As I write this, I have a casual job (with full-time hours) that is completely unrelated to travel (and music – my other love). For the last couple of years, I have travelled in between work, using my annual leave (vacation/holiday entitlements). I do my best to take advantage of weekends and long weekends to travel within my own state or interstate. If I am short on money, I’ll wander around areas of Melbourne that I have never visited before, or revisit my favourite places that I will always find pleasure in seeing. In extreme circumstances (so far, I’ve done this twice), I’ve quit my job to embark on extended travel.

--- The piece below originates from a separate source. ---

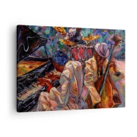 Obraz na plátně - Energická jazzová scéna s hudebníky a nástroji - 70x50cm - V jednom rytmu - Moderní nástěnná dekorace do obývacího pokoje a ložnice ARTTOR

I’m really lucky. I live in Australia, a country where I can restart over and over again. In my personal experience, I have been able to find work, save my money, resign to travel, return home and do it all over again. As the saying goes, “work, save, travel, repeat.” However, I have found that this pattern works best if you’re single; you’re not picky with jobs and if you still live with your parents, like me.

Trying to fit in travel while working a full-time job can be challenging and sometimes exhausting. There are times when I just want to rest and do nothing except eat and binge watch TV, and that’s OK, it’s important to have a break. But when you want to travel bad enough, or just escape the daily grind, like I do, you make it happen. These days, every outing is an opportunity for me to take photos and turn it into a travel-like experience. My days feel so much more fulfilled than they used to.

As you can imagine, living with my parents helps A LOT with saving money (thanks mum and dad!). I don’t own a car, instead I heavily rely on public transport or simply walk, and I have reduced my spending significantly. At the beginning of 2016 I vowed to stop buying new clothes, shoes and accessories and keep cosmetics to a minimum. I’ve also reduced eating out and started preparing my own meals, which is extremely economical.

Right now, I have it pretty easy. I work, I save my money and when I reach my financial goal, or if I’ve had enough of routine, whichever comes first, I pack my bags and leave. I am not saying my method suits everyone, it’s all circumstantial. You do what works for you. This is just how it happens to work for me. It’s a little unconventional and I often question the longevity of it. Eventually, I won’t be able to get away with living this way. But I will do so for as long as I can.